Worldwide proppant sales volume totaled 457 million pounds for the second quarter of 2013 compared to 454 million pounds for the same period in 2012. Ceramic proppant sales volumes decreased to 378 million pounds in the second quarter of 2013 from 440 million pounds in the same period last year. Resin-coated sand sales volumes increased to 68 million pounds in the second quarter of 2013 from 14 million pounds in the same period last year. Other Proppants (defined as raw sand sold in the course of producing substrate for resin-coating) was 11 million pounds in the second quarter of 2013. North American (defined as Canada and the U.S.) proppant sales volume increased 3% due to higher sales of resin-coated sand and Other Proppants. International (excluding Canada) sales volume decreased 13% primarily due to decreased sales volumes in Latin America, Asia, and Russia, offset by increases in the Middle East.
Gross Profit. Gross profit for the second quarter of 2013 was $39.3 million, or 26% of revenues, compared to $64.3 million, or 36% of revenues, for the second quarter of 2012. The decrease in gross profit was primarily the result of a decrease in average selling price, higher ceramic proppant unit costs resulting from lower plant utilization, and a change in product sales mix resulting from volume gains of the Company’s sand-based products. Given current market conditions, the Company experienced difficulties in achieving acceptable margins on the sale of sand-based products. In addition, gross profit was reduced as a result of continued spending to bring the Company’s new proppant technology to a commercial state. The commercial launch of this new proppant is anticipated in the second half of 2013.
Selling, General and Administrative (SG&A) and Other Operating Expenses. SG&A and other operating expenses totaled $15.5 million for the second quarter of 2013 compared to $17.0 million for the same period in 2012. As a percentage of revenues, SG&A and other operating expenses increased to 10.1% compared to 9.6% for the second quarter of 2012, driven by the decline in revenues.
10
Other Income (Expense). Other income (expense) for the second quarter of 2013 decreased $0.4 million compared to the same period in 2012. This decrease is primarily due to changes in exchange rates between the functional currency and the foreign currency in which the effective transactions were denominated, offset by an increase in interest income.

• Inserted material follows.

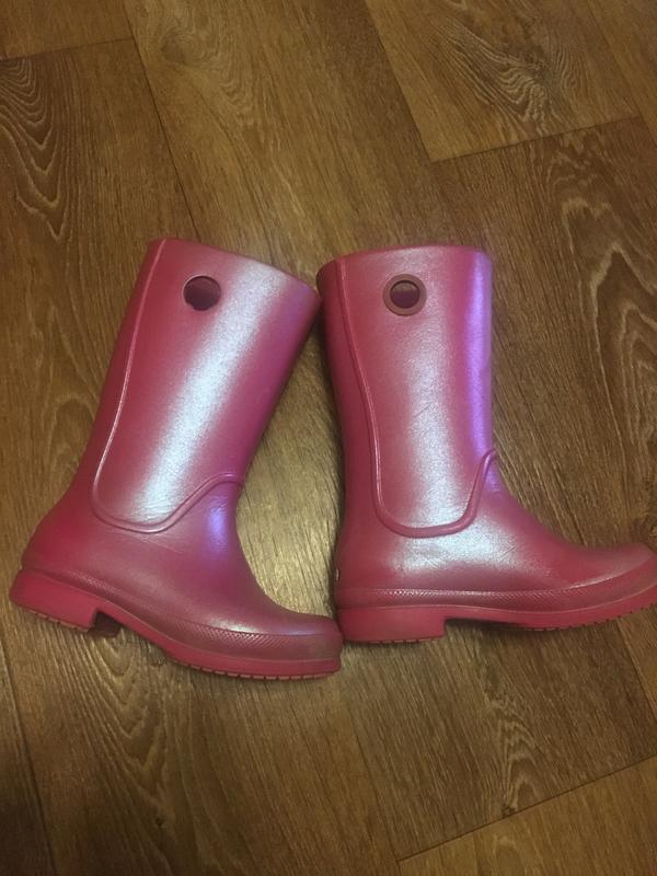 Резиновые сапоги девочке crocs. Состояние очень хорошее. Единственное на одном сапоге нету кругленьких штучек(фото) можно снять с другого, можно один переставить

Income Tax Expense. Income tax expense was $7.8 million, or 32.3% of pretax income, for the second quarter of 2013 compared to $16.0 million, or 33.3% of pretax income, for the same period last year. The $8.2 million decrease is primarily due to lower pre-tax income.
Six Months Ended June 30, 2013
Revenues. Revenues of $301.4 million for the six months ended June 30, 2013 decreased 12% compared to $340.8 million for the same period in 2012. The decrease is mainly attributed to a 17% decrease in the average proppant selling price, partially offset by an increase in proppant sales volume. The decrease in average selling price is the result of price decreases in response to market conditions and a shift in product mix towards sand-based products. The average selling price per pound of all proppant was $0.303 during the six months ended June 30, 2013 compared to $0.364 for the same period in 2012.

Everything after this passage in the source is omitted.